PHILADEPHIA -- The phrase has followed the Phillies through the winter, shorthand for a quiet fear that has lingered since October: running it back.
Manager Rob Thomson made it clear Tuesday that he does not agree with the characterization.
“If you think that’s running it back, or whatever the saying is, I don’t really know what to tell you,” Thomson said. “We got three new relievers, a new right fielder, (Justin) Crawford’s gonna have every chance to play, a rookie starting pitcher, Otto Kemp who wasn’t here at the start of last year. That’s 20-25% of the roster."
The Phillies are returning the core of a team that won 96 games in 2025 and captured a second straight National League East title, but fell in the Division Series for the second consecutive year. Bryce Harper, Trea Turner, Kyle Schwarber, J.T. Realmuto and Alec Bohm remain fixtures in the lineup, and the rotation continues to be anchored by Zack Wheeler and Aaron Nola.
From the outside, the roster looks familiar. Internally, the Phillies insist it is not static.
Thomson pointed to changes throughout the roster, particularly in the bullpen and along the margins, saying roughly a quarter of the club will be different from the group that opened last season.

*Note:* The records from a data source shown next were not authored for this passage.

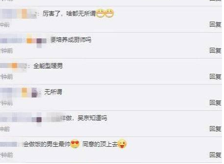 看到这一幕,网友都纷纷留言:“把硬汉的儿子硬生生养成家庭妇男”“要培养成厨师吗”“全能型暖男”“无所谓”。
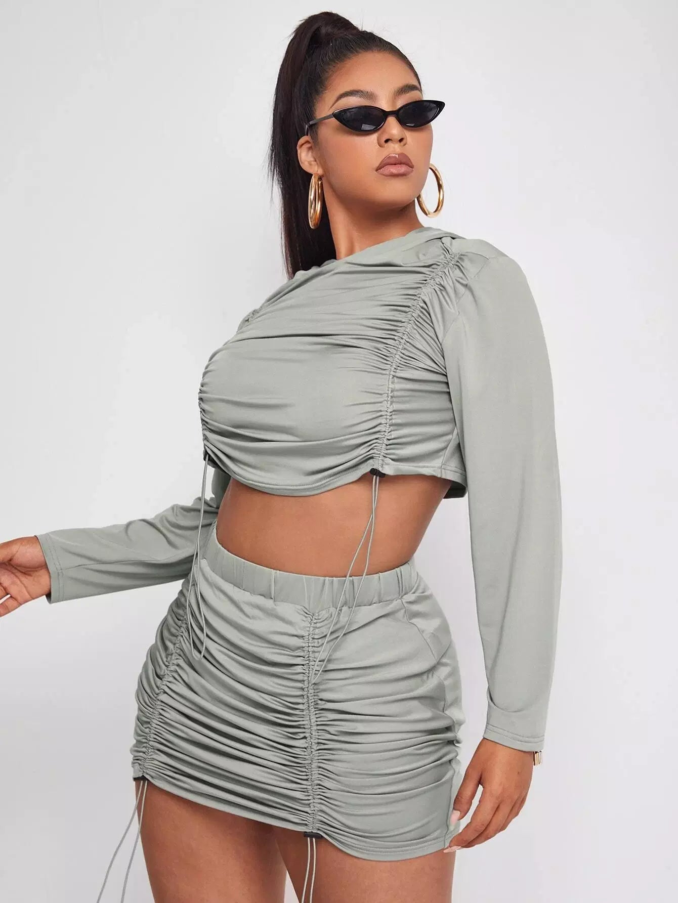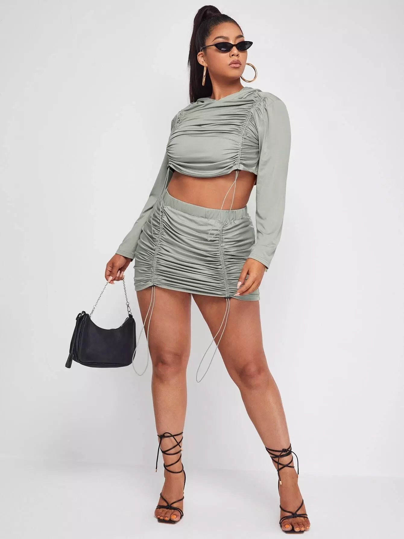 Plus Drawstring Ruched Hoodie & Skirt
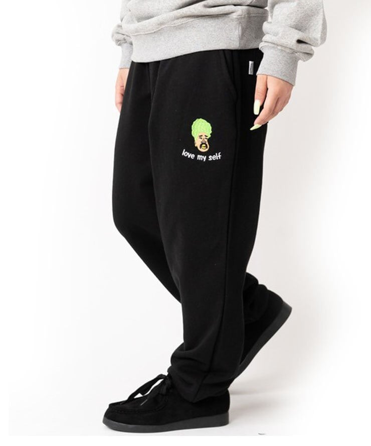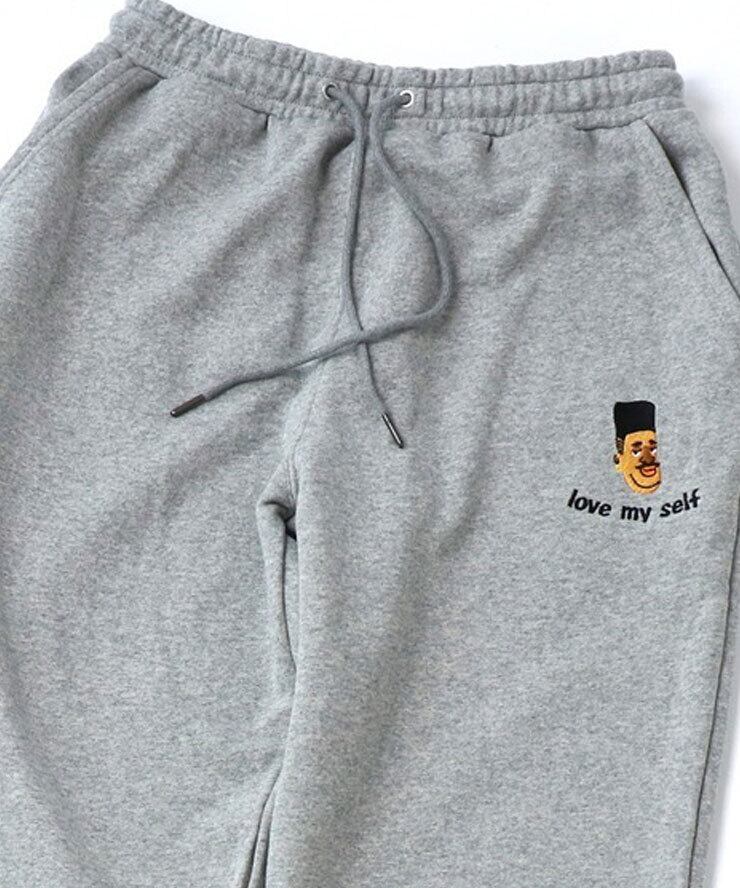 ポケットに「LOVE MY SELF」と刺繍をあしらった、ジムマスターらしい遊び心とメッセージ性を兼ね備えたスウェットパンツ。
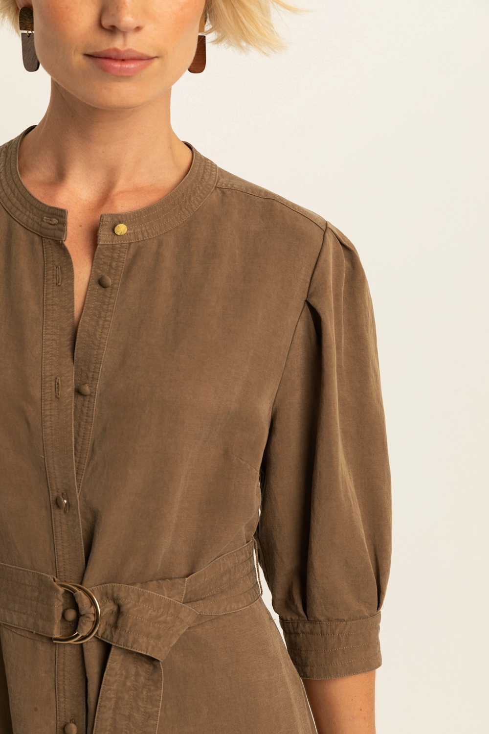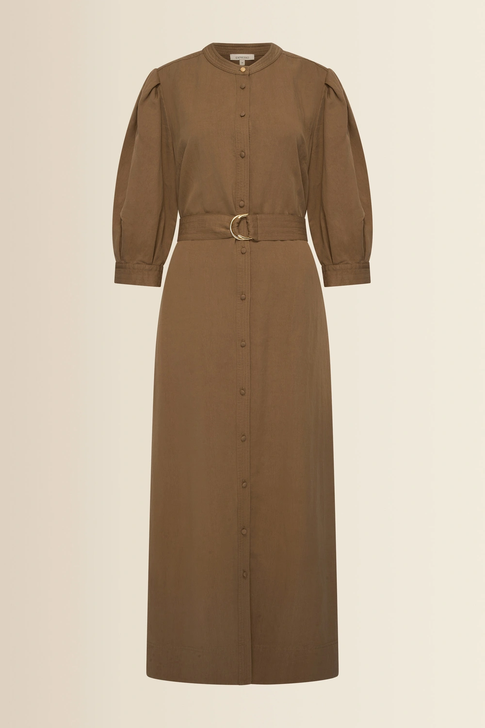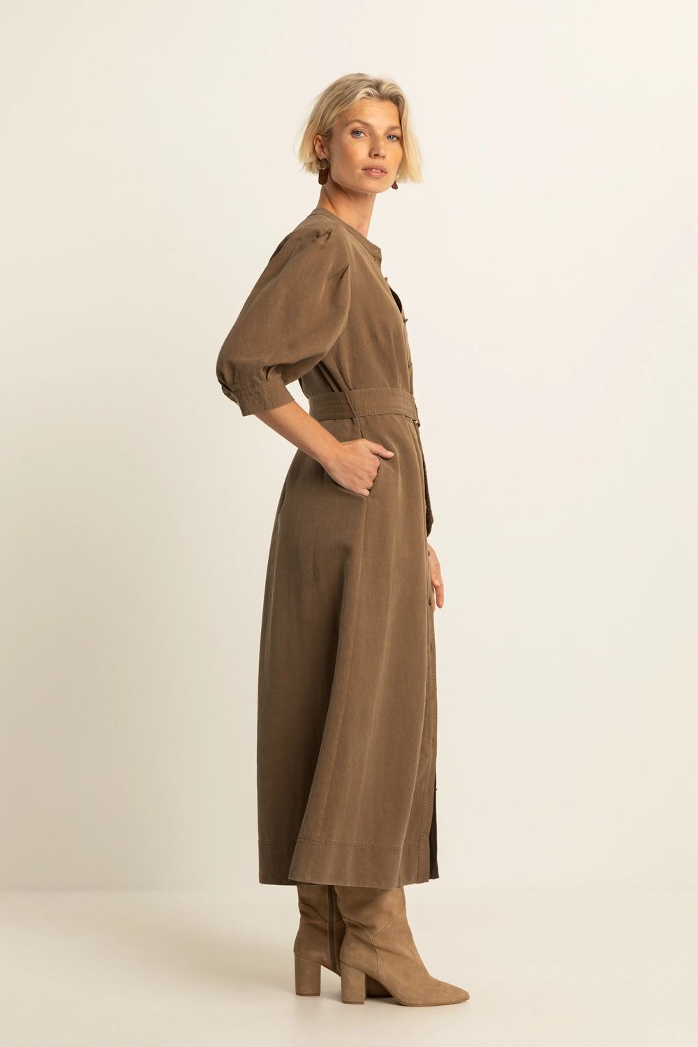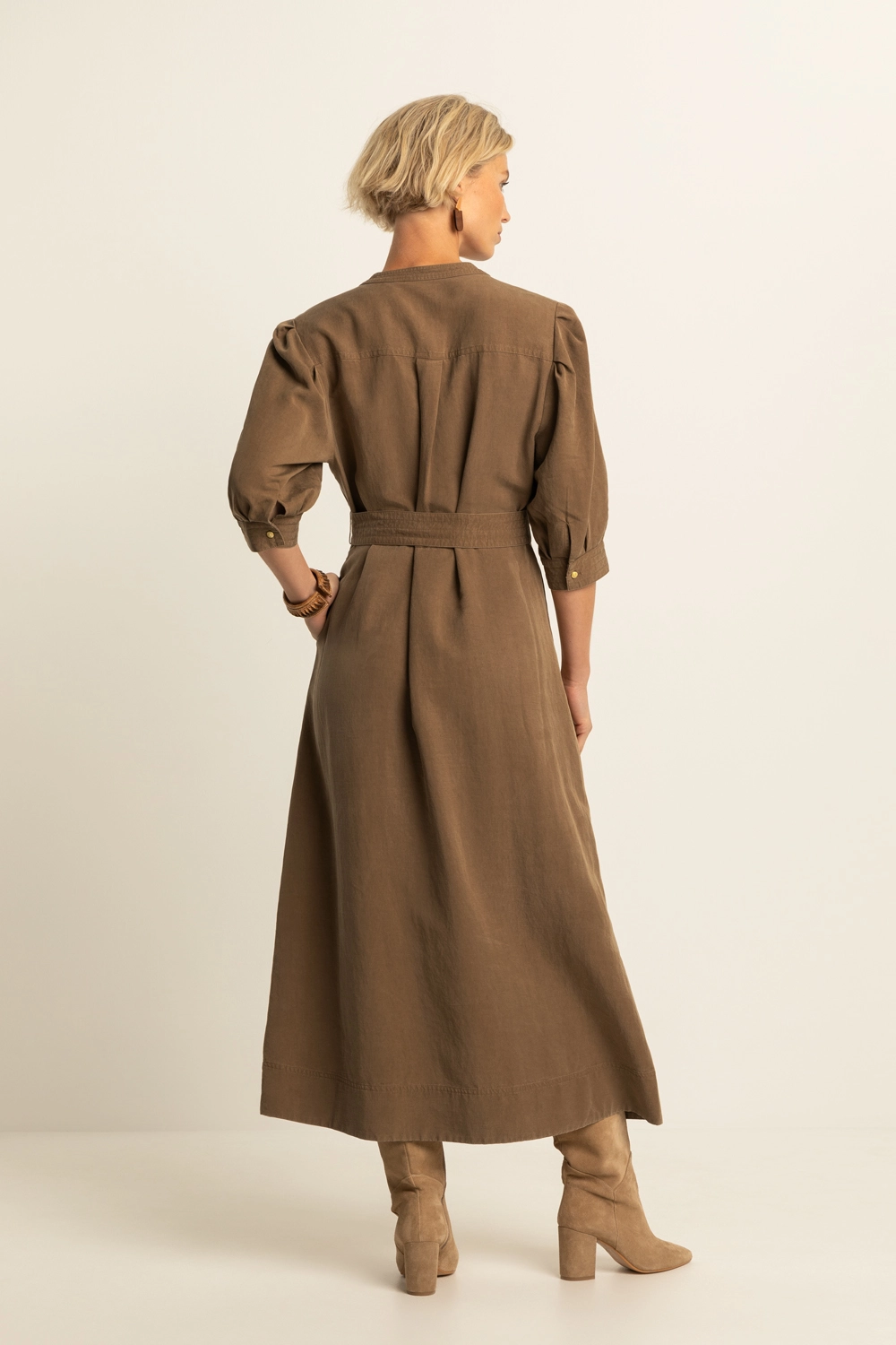 Donkerbruine maxi-jurk – soepele, comfortabele stof met een zachte, matte finish. Vrouwelijk en sterk in één: de licht gepofte schouders, 3/4 mouwen en doorknoopsluiting geven een verfijnde look, terwijl de ceintuur met ringgesp je taille mooi accentueert.

Several new relievers have been added. A new right fielder is expected to take on a larger role. Younger players are positioned for expanded responsibility as camp unfolds.
The Phillies’ winter, however, was shaped as much by what did not happen as by what did.
The club made a strong push for shortstop Bo Bichette, a pursuit that would have altered the lineup’s balance and added another middle-of-the-order presence. Bichette ultimately chose the Mets, forcing the Phillies to pivot rather than transform their roster.
That missed opportunity lingered. Team president Dave Dombrowski acknowledged earlier this week that failing to land Bichette required the organization to recalibrate its offseason approach.
Instead, the Phillies emphasized continuity and targeted upgrades. Realmuto was re-signed to a three-year deal. Schwarber was re-signed earlier in the winter. The front office prioritized bullpen depth, an area exposed during last year’s postseason loss.
Thomson believes those changes are significant.
“We got a good ball club going in… we’re going to infuse some youth into this lineup… I feel really good about it.”
Still, the burden of proof rests with a group that has reached October consistently but has not broken through since its 2022 World Series appearance.
Under Thomson, the Phillies have lost once in the National League Championship Series and twice in the Division Series. Each exit followed a similar arc: a strong regular season, confidence inside the clubhouse, and a postseason that ended sooner than hoped.
That history fuels the “running it back” label, even if the organization resists it.
For Thomson, the distinction matters less than the outcome.
“We like our group,” he said. “We believe in our group. And we believe we’ve improved.”
Whether that belief holds will be decided, as it has been the last three years, when the calendar turns to October. The Phillies are not tearing anything down. They are not reinventing themselves. They are betting that experience, incremental change and internal growth can push a familiar roster one step further.
In Philadelphia, that bet is no longer measured in explanations. It will be measured in wins — and in how long the season lasts.